福桃兒皺眉,忍不住拉了拉他的衣袖。且不說他一個爺們,這般刁鉆地害大丫鬟破相不好。便是在三房院里擺主子派頭,恐也要起紛爭的。
還不等楚山潯再次開口,她的憂慮便落了實處。
“呦,五弟這才過了鄉試,真是好大的氣勢啊!”
武凝琴抱著個三四歲的奶娃娃,身邊跟著楚玉音,還環繞著一眾姨娘。最末的一個是原來漠遠齋的碧樹,她瞧著憂心忡忡地,不住地盯著武凝琴抱孩子的手。
“三嫂。”楚山潯冷著臉,只是掃了一眼那個方向,極是敷衍地開口叫了聲。
武凝琴先是著人安置了畫沉,等院子里安靜下來了,她抱著孩子緩步走近了兩人,神色輕蔑地對福桃兒喝道:“人證物證俱在,沒廉恥的賤婢,還不領罰,躲在爺們后面作什么!”
福桃兒被她利箭似的眼光駭的一抖,猶豫著正要跪下,卻被自家主子扼緊了手腕朝后掩去。
“三嫂,您是夜里未睡好,分不清主次尊卑了嗎?”楚山潯對三房的早有積怨,此時見武氏面色不善,當即才懶得隱忍轉圜。
“你!”武凝琴雖聽說過他的脾性,卻沒想到,他會絲毫不給自己這個作嫂子的面子,“倒要請五弟說說,編排長嫂,是什么主次尊卑。”
楚山潯瞇了瞇好看的眸子,本是連話都不愿同這些婦孺多說的,此刻見胖丫頭縮在自個兒身后的那可憐模樣,他頓時就不想再讓,哼笑了聲:
“漠遠齋的丫鬟叫人陷害,若要定罪,若不是老太太和夫人發了話,怎么都該問過本公子才作數吧。我可是未曾聽說,什么時候老太太將掌家之事,交與三嫂了。
再者說,這丫頭已經不是府上的家奴,往重了說,三嫂你若今兒個真的鬧出了什么,難道不是在給父親添了個把柄嗎?
作兄嫂的沒個兄嫂的模樣,還有臉面拿主次尊卑來壓人。”
一段話洋洋灑灑,卻條理清晰擲地有聲,每一句都直戳進武氏的心里。她氣得花鈿釵環都在隱隱作顫,連帶懷里的娃娃有感,竟哇得一聲哭了出來。
“不敬長嫂,告去學政那兒,看你還怎么考功名!來人,把那丑胖的狐媚子給我捆了監房去。”
武氏打小也是無法無天的偏執性子,當下不顧形象大喊著命令著,對著懷里的娃娃,也是連聲訓斥起來。
幾個婆子試探要上前,卻被楚山潯冷厲的神色駭到,進退兩難地杵在院中。
“都是死人?!還不快去!”場面頓時混亂了起來。
奶娃娃嚇得愈發大哭起來,福桃兒被人推到了前頭,眼見著武氏手一松,那孩子就要大頭朝下的翻落,連忙抬手一托。自己卻不知被哪個沖上來的婆子狠狠捏了把。

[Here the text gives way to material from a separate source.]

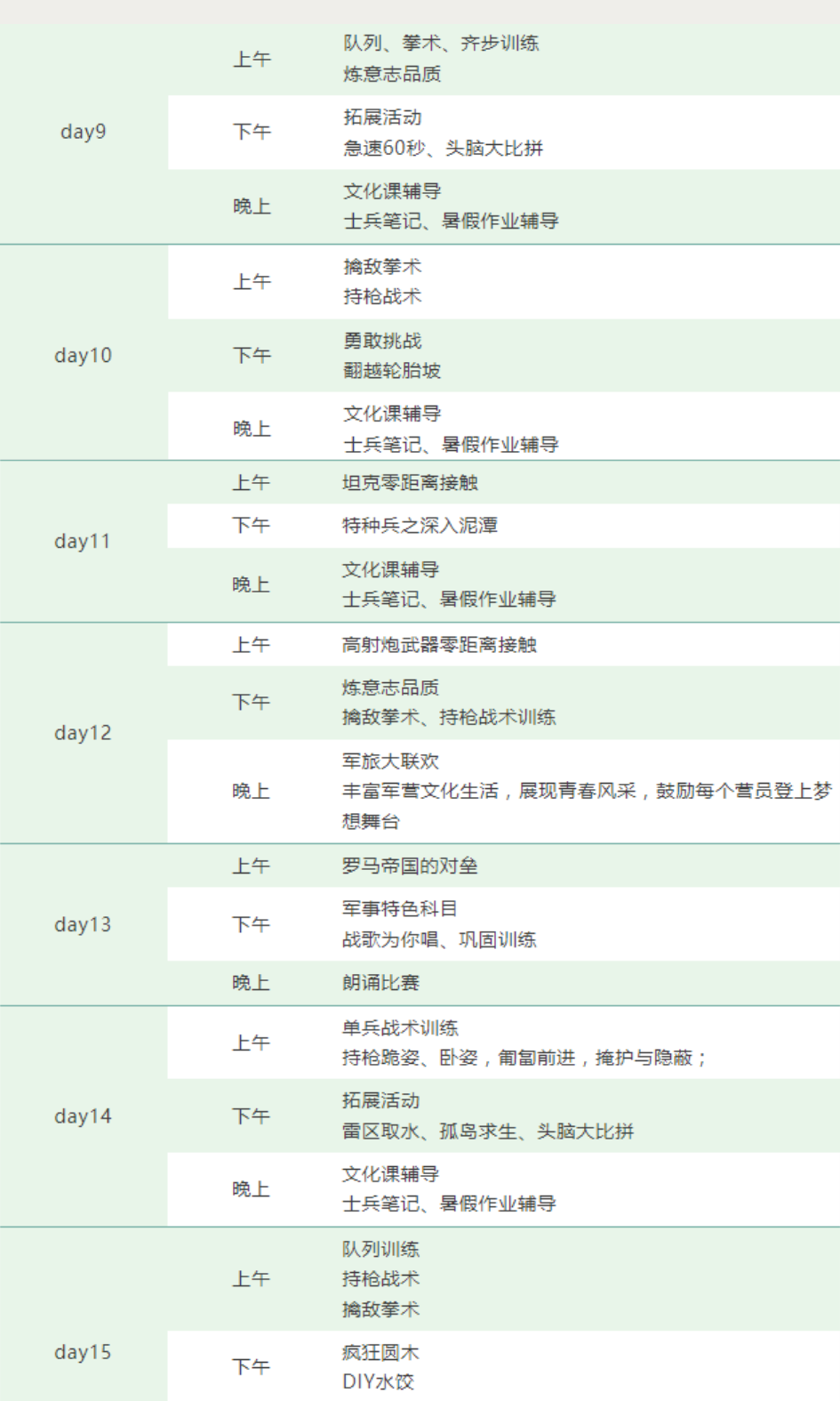 营期时长:7日、14日、21日

混亂中,曾姨娘(碧樹)抹著眼淚,從福桃兒那兒將孩子拉出了戰圈,對她報了個感激的神色。
“誰敢再造次!”一腳踢開了個要去拉扯福桃兒的婆子,楚山潯終于是徹底被激怒了,他總算是見識到了這后宅女子的厲害之處。
他再懶得同這潑婦費神,好看的眉心一蹙,雙臂一撈,打橫就把福桃兒抱了起來。
“主子,你……”從人堆里脫了身,福桃兒有些不安地將臉埋的很低。
“別怕,我們這就走。”青年的聲音很溫和,一改對著眾人的肅然傲氣。
這一下,眾婆子是再無人敢上前了,只好眼巴巴地望著三奶奶武凝琴。
“五弟,何必為了個婢妾同三嫂鬧成這樣。”楚玉音出來打圓場,“沒的叫祖母知道了……”

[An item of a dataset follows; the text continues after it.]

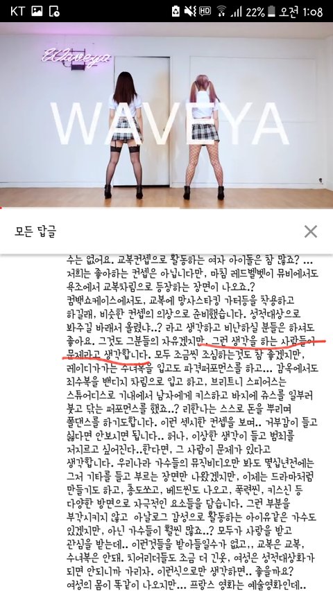 Basically they're saying how there agree with what he/she said but there are lots of female groups with the school uniform concept. They say that it's their own freedom to choose whatever they want to wear. And that people who actually find that this is an issues are actually the ones who are problematic. They then bring up Lady Gaga who's known for her extravagant costumes like that bandage costume she wore and Rihanna who does poll dancing. They basically tell them that if you don't like those and find it too sexy to not watch them. They then mention how music videos have changed since back in the days how now it's just like a drama you see bed scenes, kiss scenes, etc. There are singers like IU who are still very "conservative" but there are way more singers who don't follow this pattern anymore.

見四小姐幫襯,武凝琴的臉色剛轉的好了些。卻不想,楚山潯連瞧也不瞧自己這庶出的姐姐,連她的話都沒聽完。
他冷冷地留下句:“本公子是錢同甫大人親筆批的鄉試第九,你一個七品縣尉的庶女,三哥又連官身都沒的。見了學政,恐怕不被人當庶民轟出來,就不錯了。”
重重地又哼了聲,楚山潯緊了緊雙臂,就這么抱著懷里人,堂而皇之地出了三房的院門。
留下一眾仆婦默然無聲,等武凝琴一個發狠,摔砸了門前的人高的一個青花瓷瓶子,仆婦們和幾個通房姨娘,才里三圈外三圈地跪在了地上。

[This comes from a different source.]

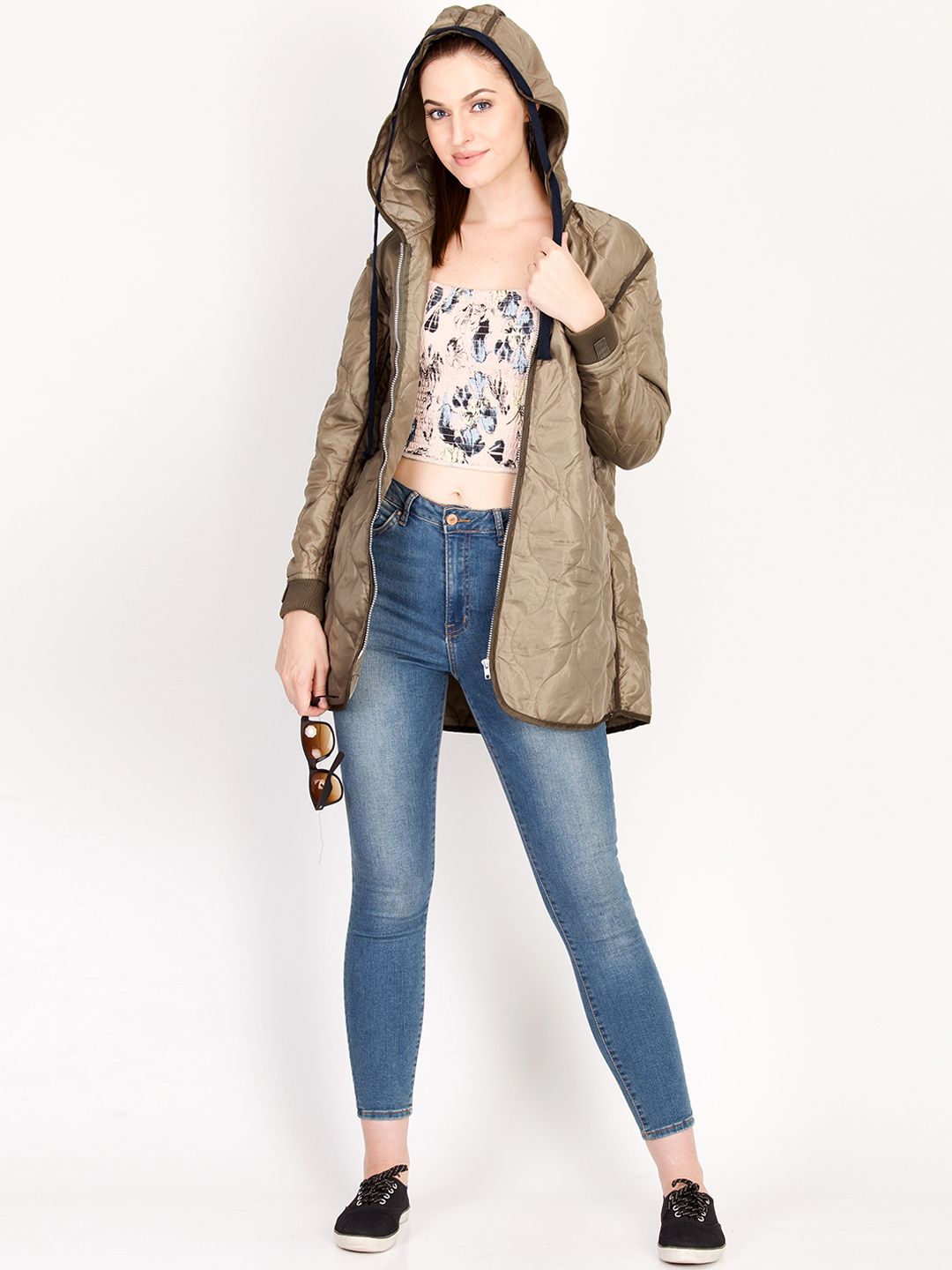 Kotty Women Brown Solid Insulator Longline Padded Jacket

楚玉音也是心中不快,她倒是不懼武凝琴,只攛掇道:“五弟這也太過放肆胡為了,三嫂,走,我們找母親說理去!”
到了云寰閣,云夫人一聽女兒和三奶奶來告狀了,卻只說她本是個庶母,管不了這檔子事。見武凝琴要去藕生苑,云夫人點頭說正該如此,卻將自己女兒給拉住了。
最后也就是武凝琴一個,怒氣沖沖地進了藕生苑。老太太倒是仔細聽她說了事情始末,可聽完了,對她將胖丫頭處以重刑的提議只是充耳不聞。
“希妹,現去配個萬全的方子,熬了與那丫頭喝了。”封氏朝孫媳婦笑了笑,心底里其實最厭惡這個不著調的。
桂參家的領命去了,可那武凝琴還不依不饒,對著老太太扔在鼓噪。
“三奶奶糊涂!”封氏將茶盞重重拍在案上,“今日你與小叔爭執,無論如何都是犯了婦道。快回去歇了,再多說一句,莫怪老身細查。”
封氏是朝廷欽封的六品誥命,又是楚府真正的管事,武氏
不敢得罪,只得壓著眼中兇光,又恨又羞地退了。
再說回福桃兒,她叫楚山潯一路橫抱著出了三房的院子,路上傳來丫鬟仆婦們或是驚異或是偷笑的私語聲。
到了回廊處,她實在是受不了被人這般指點,便從他懷里抬了頭:“還是放下來吧,我自個兒能走的。”
回應她的卻是男人收緊的臂膀:“怎么?還怕本公子抱不動摔了你了?”
他的聲音里也帶了絲顫音,看來誰也沒能忘了昨夜的狂亂旖旎。楚山潯到底還年輕,自己野獸般的模樣歷歷在目,如今□□的回憶起來,也還是有些不適的。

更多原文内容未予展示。